How far does a girl’s voice travel? Josie Patel was barely audible to the five adults gathered around her in the Patels’ family room. The detectives kept glancing worriedly at the microcassette recorder, making sure that the voice-activated microphone was picking up her words. If Dale Hartigan had been in the next room, he might not have heard the girl’s voice. But he was in his old bed, asleep in his ex-wife’s arms.
Later, when he pieced together the events of that night, he would remember that dreamless sleep as a blessing of sorts. For while it could not be said that this June evening was the last happy night that Dale Hartigan would ever know, it was the last innocent sleep of his life. When he had passed out next to Chloe, he was a victim of circumstance, undeserving of his fate. He was still a man who believed he could afford to know the why of things, and that those explanations would then lead to solutions he could effect. He had gone to sleep feeling that his life was still open, that he was not as thoroughly destroyed as he feared.
By morning he would wake to a world where five young people’s deaths, including his daughter’s, had been traced back to him. Six, if one counted Peter Lasko, and Dale did. He had not meant any of this to happen. All he had wanted was the very best for his daughter. Wasn’t that what everyone wanted?

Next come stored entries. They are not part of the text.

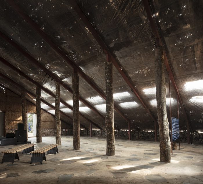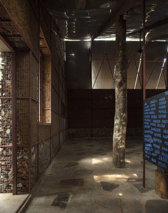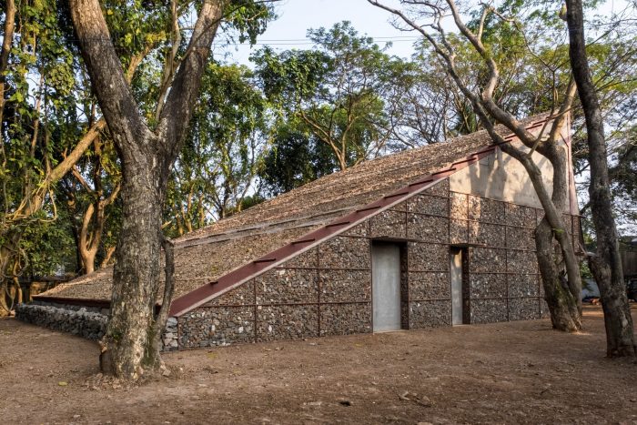 The building unfolds as a large space under a singular roof that touches the ground, inspired by the many roofs of Kochi.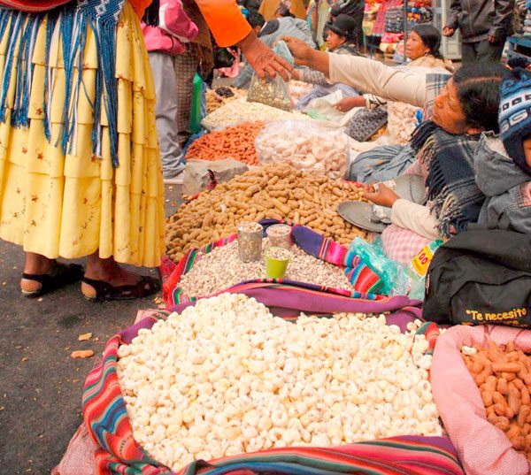 El mundo católico vive Corpus Christi. En esta celebración los bolivianos de cada región adoptan ritos propios, entre ellos el consumo de frutas, maní y masitas de todo tipo. Esta es una oportunidad para comerciantes que durante la fiesta ofrecen una variedad de productos que no suelen ser de consumo cotidiano.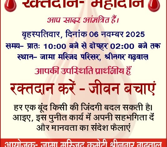 श्रीनगर गढ़वाल। मानवता और सामाजिक एकता का संदेश देने वाला एक ऐतिहासिक आयोजन 6 नवम्बर 2025 बृहस्पतिवार को श्रीनगर गढ़वाल में होने जा रहा है। जामा मस्जिद परिसर श्रीनगर में प्रात-10 बजे से दोपहर 2 बजे तक विशाल रक्तदान शिविर का आयोजन किया जाएगा। इस शिविर का उद्देश्य है रक्तदान करें,जीवन बचाएं-क्योंकि हर दान की गई बूंद किसी जरूरतमंद की जिंदगी बचा सकती है। यह प्रेरणादायी आयोजन जामा मस्जिद कमेटी श्रीनगर के सहयोग से किया जा रहा है,जिसमें बेस अस्पताल श्रीकोट की ब्लड बैंक टीम सक्रिय सहयोग प्रदान करेगी। इस पुनीत कार्य के माध्यम से श्रीनगर नगर में मानवीय संवेदना,आपसी सद्भाव और सामाजिक जिम्मेदारी का एक सुंदर संदेश प्रसारित किया जाएगा। मानवता की मिसाल बनेगा श्रीनगर-कार्यक्रम आयोजकों का कहना है कि यह रक्तदान शिविर केवल एक स्वास्थ्य पहल नहीं,बल्कि मानवता की सेवा का उत्सव है। इस अवसर पर नगर के विभिन्न सामाजिक संगठनों,व्यापारिक प्रतिनिधियों,शिक्षकों,युवाओं और छात्र-छात्राओं से रक्तदान के लिए विशेष अपील की गई है। रक्तदान एक ऐसा दान है जो जीवन देता है,किसी की मुस्कान लौटाता है और इंसानियत को नई परिभाषा देता है। आयोजकों ने कहा बेस अस्पताल की विशेषज्ञ टीम करेगी रक्त संग्रहण-शिविर में बेस अस्पताल श्रीकोट की ब्लड डिपार्टमेंट टीम द्वारा सभी रक्तदाताओं का स्वास्थ्य परीक्षण,रक्त संग्रहण किया जाएगा। विशेषज्ञ चिकित्सक पूरी निगरानी में यह प्रक्रिया संचालित करेंगे ताकि रक्तदाताओं को सुरक्षित और स्वच्छ वातावरण में दान करने का अनुभव प्राप्त हो। जामा मस्जिद कमेटी की प्रेरक पहल-जामा मस्जिद कमेटी श्रीनगर के पदाधिकारियों ने बताया कि मस्जिद परिसर में यह शिविर आयोजित कर साम्प्रदायिक सौहार्द,सामाजिक एकता और मानवीय सेवा का संदेश दिया जा रहा है। समिति ने नगरवासियों से अधिकाधिक संख्या में पहुंचकर इस रक्त महादान में सहभागी बनने की अपील की है। रक्तदान सच्ची इंसानियत की पहचान-आयोजकों का कहना है कि हर व्यक्ति समाज के प्रति अपने उत्तरदायित्व को निभा सकता है और रक्तदान इसका सर्वोत्तम उदाहरण है। रक्तदान न केवल किसी जरूरतमंद की जान बचाता है बल्कि दाता के भीतर सेवा,करुणा और आत्मसंतोष की भावना भी उत्पन्न करता है। जीवन का सबसे बड़ा उपहार रक्तदान 6 नवम्बर को आयोजित इस शिविर में नगर के युवाओं,महिलाओं,शिक्षकों और समाजसेवियों की भागीदारी अपेक्षित है। प्रशासनिक और स्वास्थ्य विभाग के अधिकारी भी इस महादान में अपनी उपस्थिति दर्ज कराएंगे। हर बूंद मायने रखती है-आपका एक कदम किसी परिवार की दुनिया रोशन कर सकता है।

But in the end it was Josie’s story, and Dale Hartigan never challenged her right to tell it, much less tried to contradict a word of it, unflattering and damaging as it was to him. Josie told it in her own ragged, discursive way, for there was no one else to shape her words. Not Perri, with her heightened sense of drama and narrative. Not Kat, with her tendency to edit out the problematic details, to gloss over anything unpleasant and unflattering. Not Eve, who had only Binnie’s version and one page of a letter. In the end it was Josie’s story, and she believed that every detail mattered-the cupcakes and the Ka-pe-jos, the jokes and the plays and the crushes.